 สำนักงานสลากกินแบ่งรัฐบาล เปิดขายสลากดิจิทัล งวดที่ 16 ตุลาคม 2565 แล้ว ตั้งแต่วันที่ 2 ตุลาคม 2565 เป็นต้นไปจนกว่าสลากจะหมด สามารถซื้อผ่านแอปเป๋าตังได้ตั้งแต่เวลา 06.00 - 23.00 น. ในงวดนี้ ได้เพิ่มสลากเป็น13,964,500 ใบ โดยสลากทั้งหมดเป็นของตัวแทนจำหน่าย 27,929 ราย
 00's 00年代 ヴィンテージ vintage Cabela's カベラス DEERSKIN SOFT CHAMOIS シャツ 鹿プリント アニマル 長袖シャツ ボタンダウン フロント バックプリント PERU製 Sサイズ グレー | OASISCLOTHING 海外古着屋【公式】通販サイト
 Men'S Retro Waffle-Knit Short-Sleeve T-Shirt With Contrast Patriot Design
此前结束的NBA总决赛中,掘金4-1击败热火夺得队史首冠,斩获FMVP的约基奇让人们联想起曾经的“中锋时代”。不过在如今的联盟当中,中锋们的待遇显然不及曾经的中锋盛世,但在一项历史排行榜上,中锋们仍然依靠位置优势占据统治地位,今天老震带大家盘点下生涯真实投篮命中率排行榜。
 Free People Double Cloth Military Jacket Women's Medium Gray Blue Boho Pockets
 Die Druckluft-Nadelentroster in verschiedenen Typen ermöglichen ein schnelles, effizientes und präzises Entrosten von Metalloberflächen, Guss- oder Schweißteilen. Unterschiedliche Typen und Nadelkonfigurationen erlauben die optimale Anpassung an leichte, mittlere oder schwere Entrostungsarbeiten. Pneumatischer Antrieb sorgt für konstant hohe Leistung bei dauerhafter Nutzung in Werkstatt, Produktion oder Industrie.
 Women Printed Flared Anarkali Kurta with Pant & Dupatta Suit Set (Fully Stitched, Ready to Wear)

--

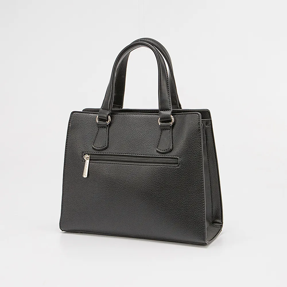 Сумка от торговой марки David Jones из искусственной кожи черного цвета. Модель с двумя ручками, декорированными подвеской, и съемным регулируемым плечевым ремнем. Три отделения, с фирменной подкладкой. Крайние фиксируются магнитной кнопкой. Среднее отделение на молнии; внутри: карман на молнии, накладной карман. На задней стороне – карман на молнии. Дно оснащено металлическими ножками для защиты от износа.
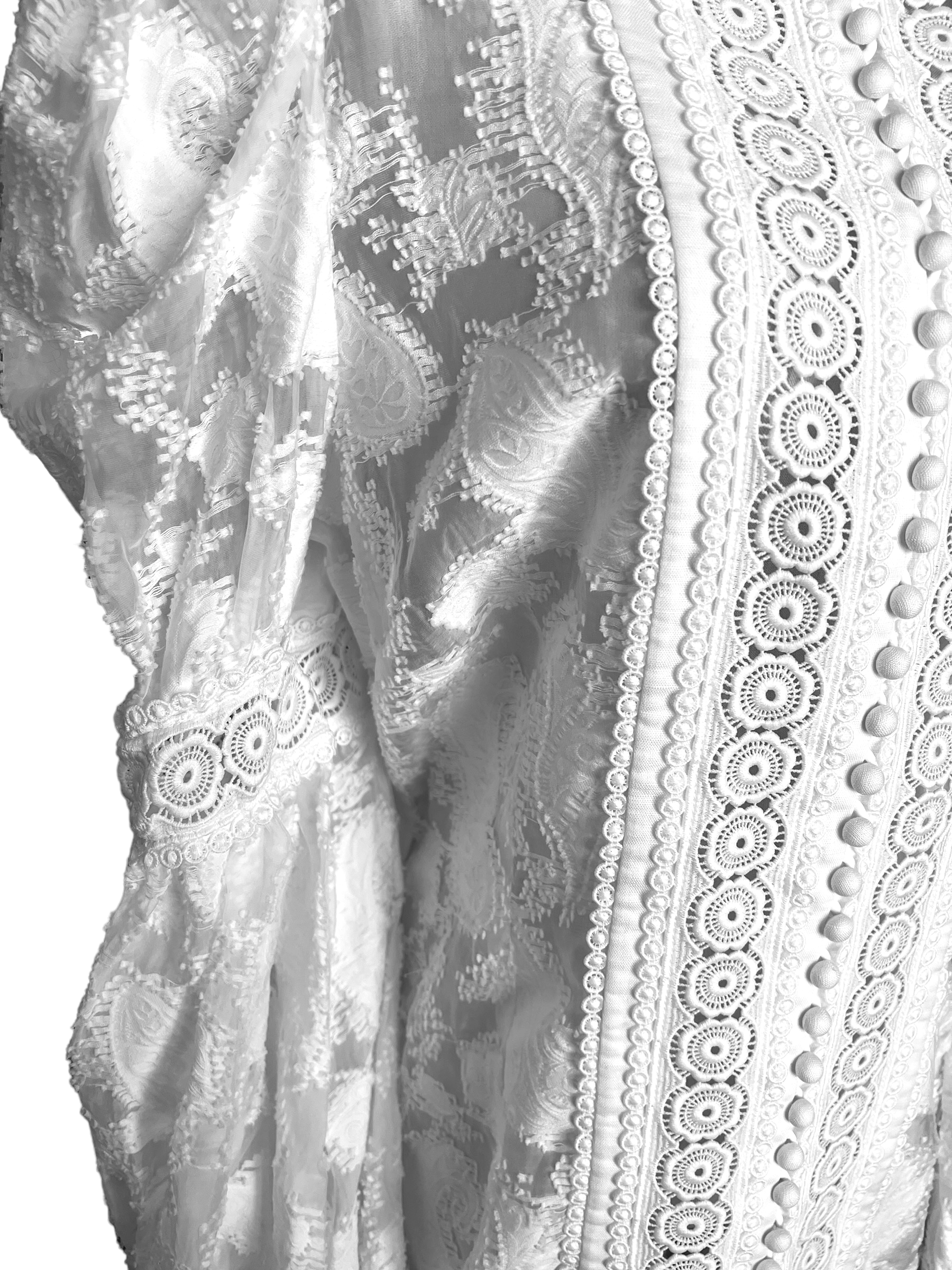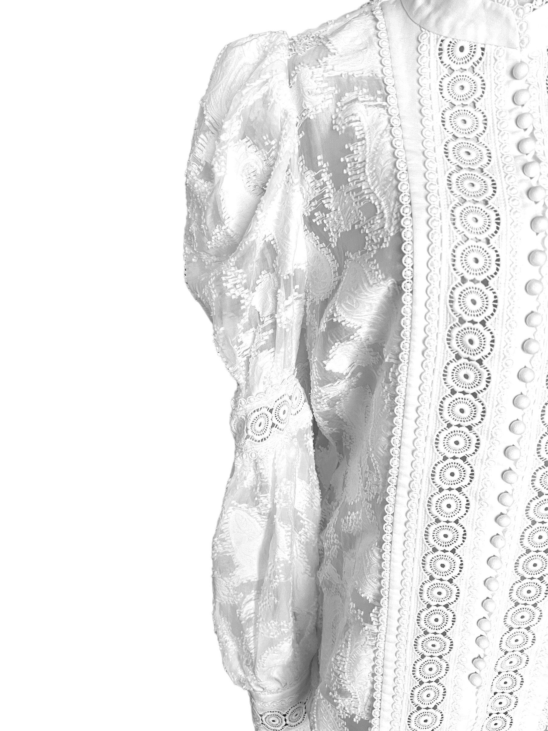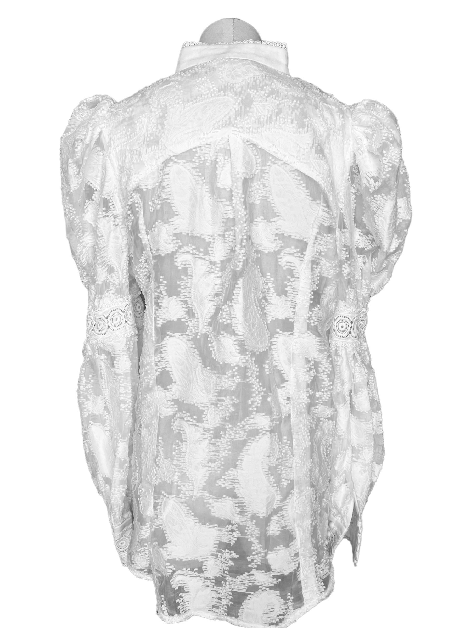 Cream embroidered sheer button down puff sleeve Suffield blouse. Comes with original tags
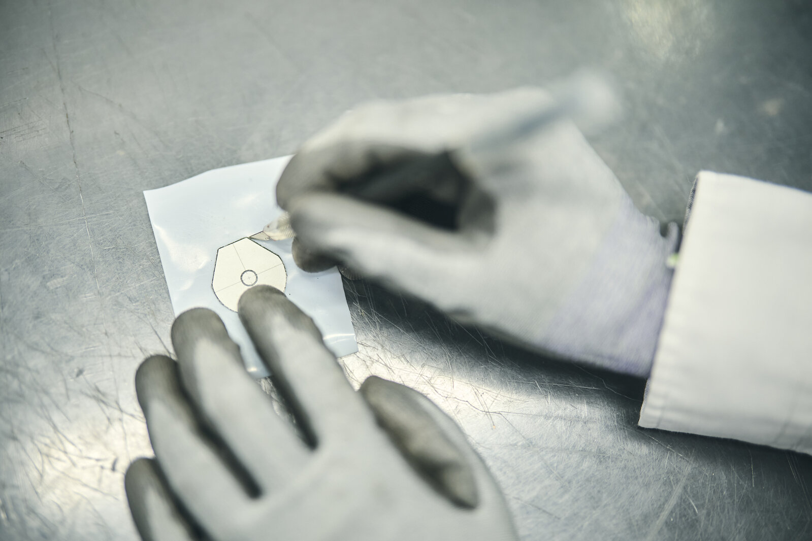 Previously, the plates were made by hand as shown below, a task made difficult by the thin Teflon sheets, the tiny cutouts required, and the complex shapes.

**EXERCISE GOAL**
Lines with the word "Women": report how many there are in the entries, as a bare number.

**RESPONSE BELOW**
2